As with pollution, so with the other public services of the state. There is a not a one of them, not one, that has not in the past been the province of the community or some agency within the community (family, church, guild) and that has been taken on the state only because it first destroyed that province. There is not a one of them that could not be re-absorbed by a community in control of its own destiny and able to see what its natural humanitarian obligations, its humanitarian opportunities, would be. Invariably hen the state has taken over the job of supplying blood for hospitals, there is a shortage, even when it offers money; the United States now gets much of its blood from overseas. Invariably when a community is asked to do it voluntarily, and when the community perceives that the blood is to be used for its own needs, there is a surplus. This is not magic altruism, the by-product of utopia; this is perceived self-interest, community-interest, made possible (capable of being perceived by the individual) only at the human scale.
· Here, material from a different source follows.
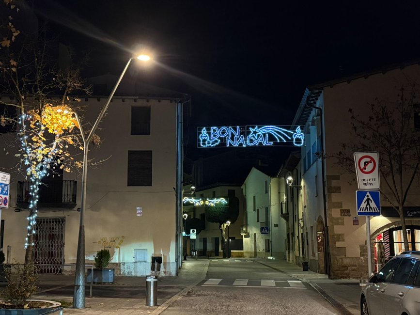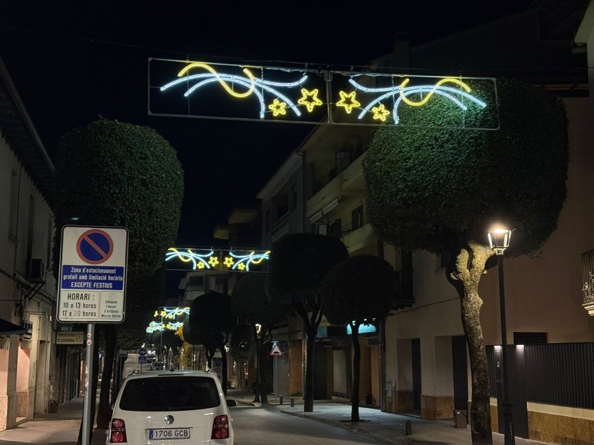 A 2/4 de 6 de la tarda s'han encès les llums nadalenques, que aquest any presenten un disseny renovat amb estrelles grogues i cintes blanques i daurades a l'eix comercial: el passeig Domènec Sert, la carretera de Balenyà i la carretera de Mont-rodon. A les entrades d'aquest eix, també s'hi mantenen els tradicionals arcs lluminosos de “Bon Nadal”.

Indeed there is not one public service, not one, that could not be better supplied at the local level, where the problem is understood best and quickest, the solutions are most accessible, the refinements and adjustments are easiest to make, the monitoring is most convenient. If it be said that there is not sufficient expertise in a small community to tackle some of the complicated problems that come along, the answer is surely not a standing pool of federal talent but an appeal throughout neighboring communities and regions for a person or group who can come in to do the job. (This is in fact what the federal government itself most often does today, hence the great reliance on contract firms and $650-a-day consultants.) If it be said that some problems are too big for a small community to hand along (an epidemic, a forest fire, or some widespread disaster), the anser is clearly not the intervention of some outside force but the ready cooperation of the communities and regions involved, whose own self-interest, even survival, is after all at stake. And if it be said that there is not enough money in a small community to handle such problems — well, where do you suppose the government got its money in the first place, and how much more might there be in local pockets if $500 billion of it weren’t spent by Washington, $200 billion by state capitals, every year?

I cannot imagine a world without problems and crises, without social and economic dislocations demanding some public response. I see no difficulty, however, in imagining a world where those are responded to at the immediate human level by those who perceive the immediate human effects and control their own immediate human destinies.